As the speech makes clear, the pandemic has upended Ms. Merkel’s last full year in office, upsetting a period in which she hoped to cement her legacy with leadership on issues like climate change, digital transformation and a robust social state.
Abroad, Ms. Merkel had hoped to focus on tackling issues like refugees and European Union unity as Brexit played out and countries like Hungary and Poland tested the bloc’s liberal values. Instead, she spent much of her time during Germany’s six-month term in the European Council’s rotating presidency traveling to Brussels for meetings to persuade E.U. members to break budget rules and set up a fund to counter the economic effects of the pandemic.

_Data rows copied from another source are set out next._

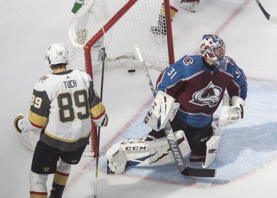 Colorado Avalanche goalie Philipp Grubauer (31) gives up a goal to Vegas Golden Knights’ Alex Tuch (89) during overtime in an NHL hockey playoff game in Edmonton, Alberta, Saturday, Aug. 8, 2020. (Jason Franson/The Canadian Press via AP)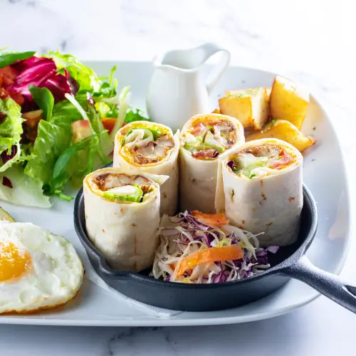 而「酪梨風味莎莎熱狗堡」以香烤過的熱狗堡抹上黃芥末,再淋上起司醬,搭配以香料、酒醋、牛番茄及酪梨製成的莎莎醬,酸酸鹹鹹的滋味,幸福感滿分;「墨西哥風味火雞肉貝果佐半熟蛋」塗上奶油的貝果烤過後外酥內軟,搭配以墨西哥香料、紅椒粉、番茄Sauce醃漬過的火雞肉,再撒上玉米餅乾脆片,一口咬下,多樣口感混搭酸甜滋味,不能錯過。
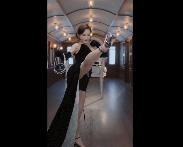 再cos个椰树徐冬冬的标志性动作,将徐冬冬原本的白色紧身衣服,变黑色高定,瞬间高级。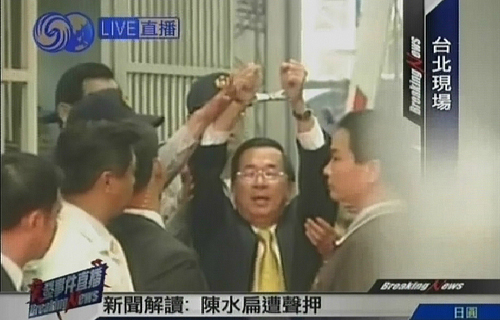 臺(tái)灣“今日新聞”報(bào)道說,陳水扁下午4時(shí)30分許步出特偵組準(zhǔn)備上車時(shí),面對(duì)媒體高舉銬著手銬的雙手,喊完口號(hào)才上車,一副從容就義的模樣,顯然有備而來。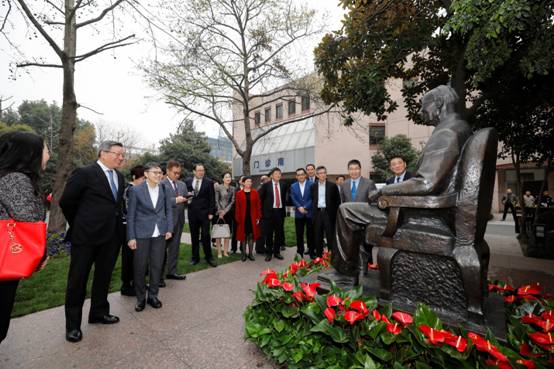 陈伟文主席一行抵达邵逸夫医院庆春院区后,首先前往邵逸夫爵士纪念公园瞻仰邵逸夫爵士铜像,并先后参观了邵逸夫医院院史馆、技能培训中心以及邵医咖啡馆。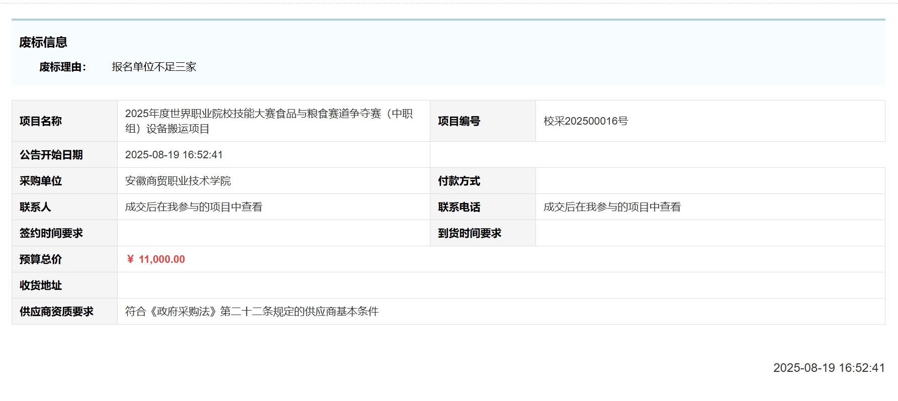 2025年度世界职业院校技能大赛食品与粮食赛道争夺赛(中职组)设备搬运项目(校采202500016号)废标公告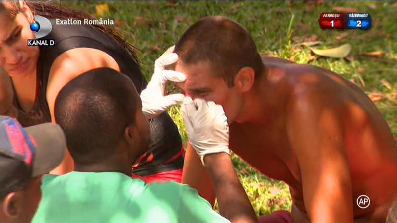 In timp ce depasea obstacolele, Faimosul a cazut cu fata intr-o plasa, iar cazatura i-a spart nasul. Medicii au intervenit imediat si l-au bandajat si i-au aplicat un unguent.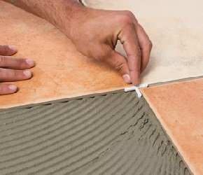 Позаботьтесь о ровном распределении плитки, периодически проверяя уровень. С помощью специальных крестиков создается необходимая текстура между плитками. При необходимости плитку подрезают, чтобы заполнить все пространство пола.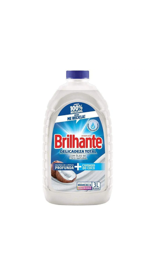 Sabão líquido Brilhante de 3 litros com óleo de coco natural e fragrância suave, ideal para uma limpeza profunda e delicada de roupas brancas e coloridas.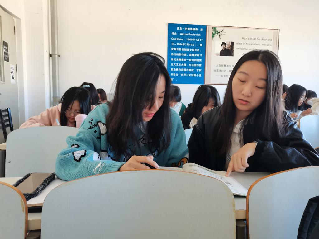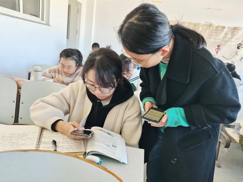 为了更好地保证新生晨读活动的效果和质量,学院为22级新生每班配备一名研究生助教,负责组织班内同学晨读秩序和答疑解惑。在遇到学习方面的困难时,同学们会及时、认真地向研究生助教请教,以此改正不足、提升自我,促进听、说、读、写能力的多方面发展。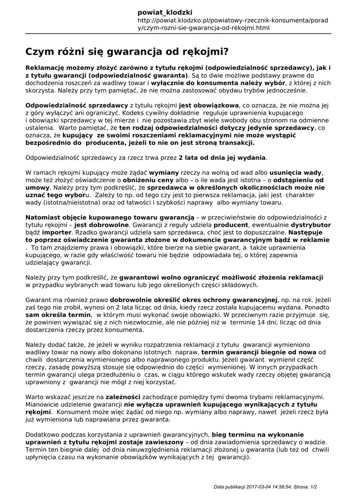 powiat_klodzki http://powiat.klodzko.pl/powiatowy-rzecznik-konsumenta/porad y/czym-rozni-sie-gwarancja-od-rekojmi.html Czym różni się gwarancja od rękojmi? Reklamację możemy złożyć zarówno z tytułu rękojmi (odpowiedzialność sprzedawcy), jak i z tytułu gwarancji (odpowiedzialność gwaranta). Są to dwie możliwe podstawy prawne do dochodzenia roszczeń za wadliwy towar i wyłącznie do konsumenta należy wybór, z której z nich skorzysta. Należy przy tym pamiętać, że nie można zastosować obydwu trybów jednocześnie. Odpowiedzialność sprzedawcy z tytułu rękojmi jest obowiązkowa, co oznacza, że nie można jej z góry wyłączyć ani ograniczyć. Kodeks cywilny dokładnie reguluje uprawnienia kupującego i obowiązki sprzedawcy w tej mierze i nie pozostawia zbyt wiele swobody obu stronom na odmienne ustalenia. Warto pamiętać, że ten rodzaj odpowiedzialności dotyczy jedynie sprzedawcy, co oznacza, że kupujący ze swoimi roszczeniami reklamacyjnymi nie może wystąpić bezpośrednio do producenta, jeżeli to nie on jest stroną transakcji. Odpowiedzialność sprzedawcy za rzecz trwa przez 2 lata od dnia jej wydania. W ramach rękojmi kupujący może żądać wymiany rzeczy na wolną od wad albo usunięcia wady, może też złożyć oświadczenie o obniżeniu ceny albo – o ile wada jest istotna – o odstąpieniu od umowy. Należy przy tym podkreślić, że sprzedawca w określonych okolicznościach może nie uznać tego wyboru. Zależy to np. od tego czy jest to pierwsza reklamacja, jaki jest charakter wady (istotna/nieistotna) oraz od łatwości i szybkości naprawy albo wymiany towaru. Natomiast objęcie kupowanego towaru gwarancją – w przeciwieństwie do odpowiedzialności z tytułu rękojmi – jest dobrowolne. Gwarancji z reguły udziela producent, ewentualnie dystrybutor bądź importer. Rzadko gwarancji udziela sam sprzedawca, choć jest to dopuszczalne. Następuje to poprzez oświadczenie gwaranta złożone w dokumencie gwarancyjnym bądź w reklamie . To tam znajdziemy prawa i obowiązki, które bierze na siebie gwarant, a także uprawnienia kupującego, w razie gdy właściwość towaru nie będzie odpowiadała tej, o której zapewnia udzielający gwarancji. Należy przy tym podkreślić, że gwarantowi wolno ograniczyć możliwość złożenia reklamacji w przypadku wybranych wad towaru lub jego określonych części składowych. Gwarant ma również prawo dobrowolnie określić okres ochrony gwarancyjnej, np. na rok. Jeżeli zaś tego nie zrobił, wynosi on 2 lata licząc od dnia, kiedy rzecz została kupującemu wydana. Ponadto sam określa termin, w którym musi wykonać swoje obowiązki. W przeciwnym razie przyjmuje się, że powinien wywiązać się z nich niezwłocznie, ale nie później niż w terminie 14 dni, licząc od dnia dostarczenia rzeczy przez konsumenta. Należy dodać także, że jeżeli w wyniku rozpatrzenia reklamacji z tytułu gwarancji wymieniono wadliwy towar na nowy albo dokonano istotnych napraw, termin gwarancji biegnie od nowa od chwili dostarczenia wymienionego albo naprawionego produktu. Jeżeli gwarant wymienił część rzeczy, zasadę powyższą stosuje się odpowiednio do części wymienionej. W innych przypadkach termin gwarancji ulega przedłużeniu o czas, w ciągu którego wskutek wady rzeczy objętej gwarancją uprawniony z gwarancji nie mógł z niej korzystać. Warto wskazać jeszcze na zależności zachodzące pomiędzy tymi dwoma trybami reklamacyjnymi. Mianowicie udzielenie gwarancji nie wyłącza uprawnień kupującego wynikających z tytułu rękojmi. Konsument może więc żądać od niego np. wymiany albo naprawy, nawet jeżeli rzecz była już wymieniona lub naprawiana przez gwaranta. Dodatkowo podczas korzystania z uprawnień gwarancyjnych, bieg terminu na wykonanie uprawnień z tytułu rękojmi zostaje zawieszony – od dnia zawiadomienia sprzedawcy o wadzie. Termin ten biegnie dalej od dnia nieuwzględnienia reklamacji złożonej u gwaranta (lub też od chwili upłynięcia czasu na wykonanie obowiązków wynikających z tej gwarancji). Data publikacji 2017-03-04 14:56:54, Strona: 1/2 powiat_klodzki http://powiat.klodzko.pl/powiatowy-rzecznik-konsumenta/porad y/czym-rozni-sie-gwarancja-od-rekojmi.html Źródło: www.uokik.gov.pl Data publikacji 2017-03-04 14:56:54, Strona: 2/2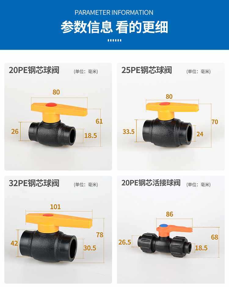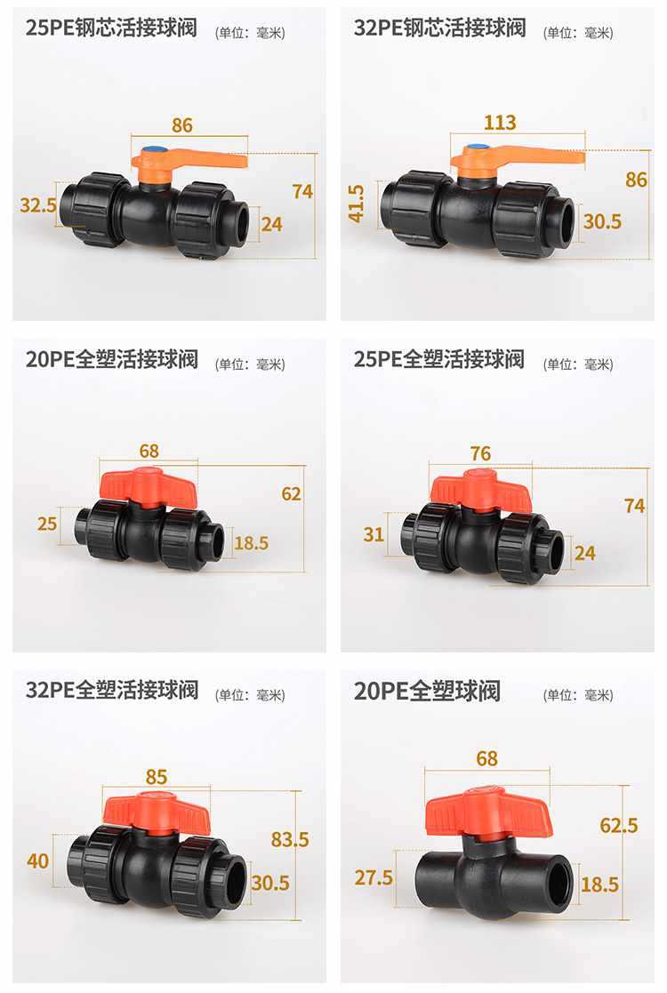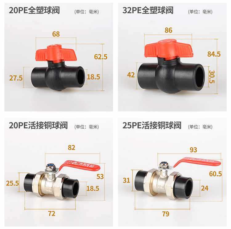 20pe(4 points) full plastic ball valve, 25pe(6 points) full plastic ball valve, 32pe(1-inch) full plastic ball...

“I don’t think I am exaggerating when I say that never in the past 15 years have we all experienced such a difficult year — and never have we greeted the new year with so much hope, despite all of our concerns and some skepticism,” she says.
As she notes in the speech, Ms. Merkel will not run in the next election, slated for September. In just several weeks from now, those in her party who hope to succeed her — a powerful state governor, a former political competitor and a senior lawmaker — will compete for the leadership of her party.

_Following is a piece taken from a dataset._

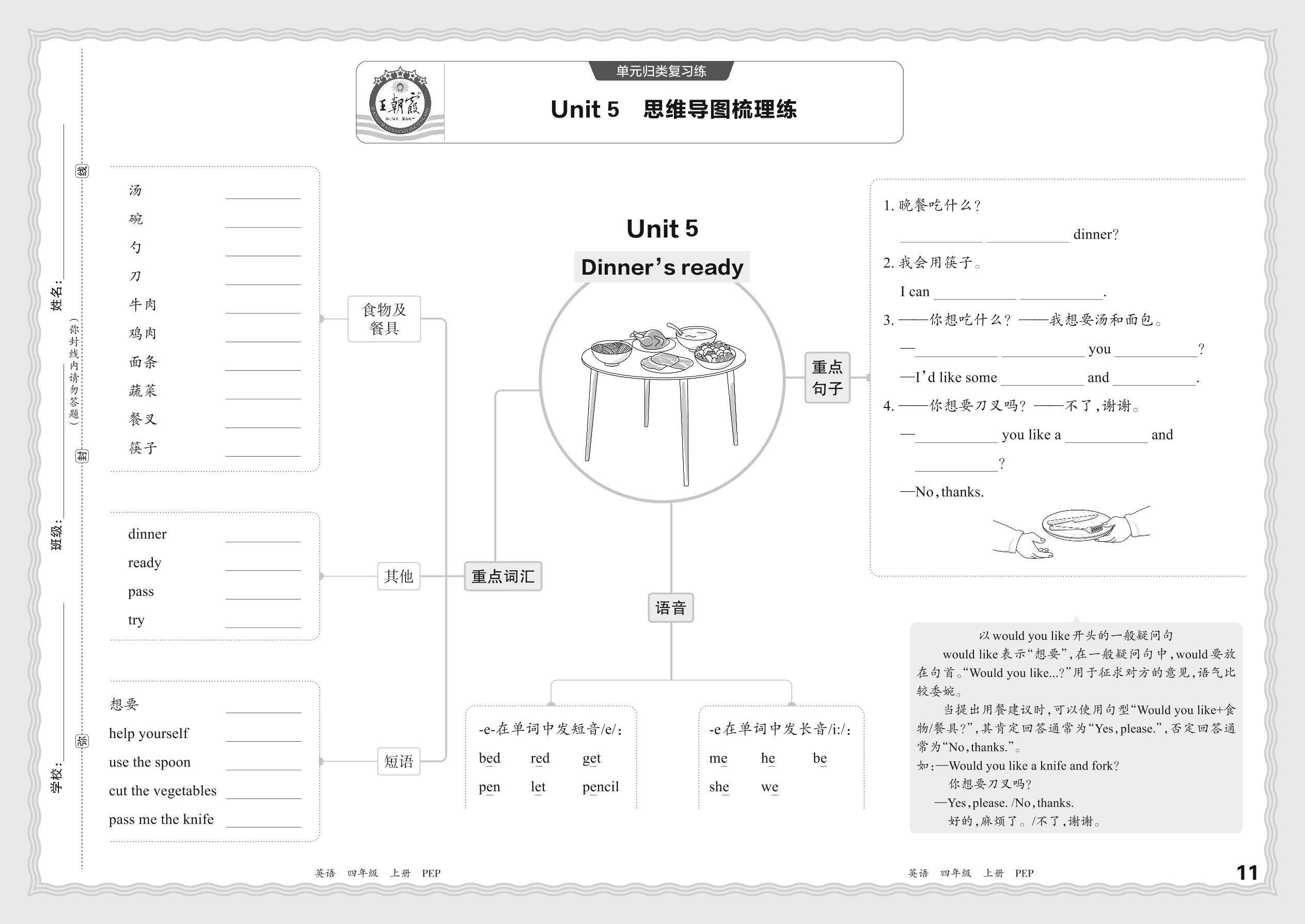 2023秋上册四年级英语人教PEP版 期末过课本·单元归类复习练—Unit 5

But the winner of that contest faces a difficult path to the chancellery. None of them are adored like Ms. Merkel, who after a decade and a half in office and, especially after her handling of the pandemic, remains Germany’s most popular politician.
Outside politics, the country’s liberal consensus also seemed increasingly in danger as tens of thousands took to the streets to protest Covid-19 regulations because they either didn’t believe the coronavirus was real or thought the government had no business imposing measures to stop it.
“I can only imagine how painful it must be for those who are mourning for loved ones lost to coronavirus or are themselves struggling with the lingering effects of this illness to see willful deniers disputing the virus’s existence,” Ms. Merkel says, calling conspiracy theories about the virus “cynical and cruel.”
The protests have found resonance on the country’s far right. A planned gathering of protesters opposing the Covid-19 restrictions in Berlin on Thursday was prohibited by the authorities, who feared that the event would lead to new infections.
In Germany, the tradition of an annual speech by the country’s leader dates back at least to the turn of the last century, when Kaiser Wilhelm II gave speeches from a balcony in Berlin. The practice continued during the Weimar Republic (when it was first broadcast) and the Third Reich. In recent decades, the tradition is for the country’s president to give a speech on Christmas and the chancellor on New Year’s Eve.
Even as Ms. Merkel speaks of hope that came with the coronavirus vaccinations that began in Germany on Sunday, she acknowledges that the situation remained dire. “This is a hard winter, and it is far from over,” she says.
The health authorities in Germany are registering record infections despite a weekslong lockdown, and on Tuesday reported 1,129 Covid-19 fatalities in a single day, a record.
Ms. Merkel’s broadcast is likely to be seen by more Germans than the over three million spectators who watched it last year, because — for the first time since the television broadcasts started in the 1950s — it does not have to compete with the country’s usually boisterous New Year’s Eve traditions. Fireworks have been banned across the country, and many places have curfews. As in other cities, an increased police force in Berlin were sent to patrol the streets to break up any gatherings.
Ms. Merkel’s last New Year’s Eve speech also comes after a year during which the usually taciturn chancellor was forced to address Germans directly on several occasions, usually in an effort to get acceptance for new coronavirus rules.
Video clips of her explaining scientific details off the top of her head went viral as Germans looked to her calm and thoughtful leadership during the crisis.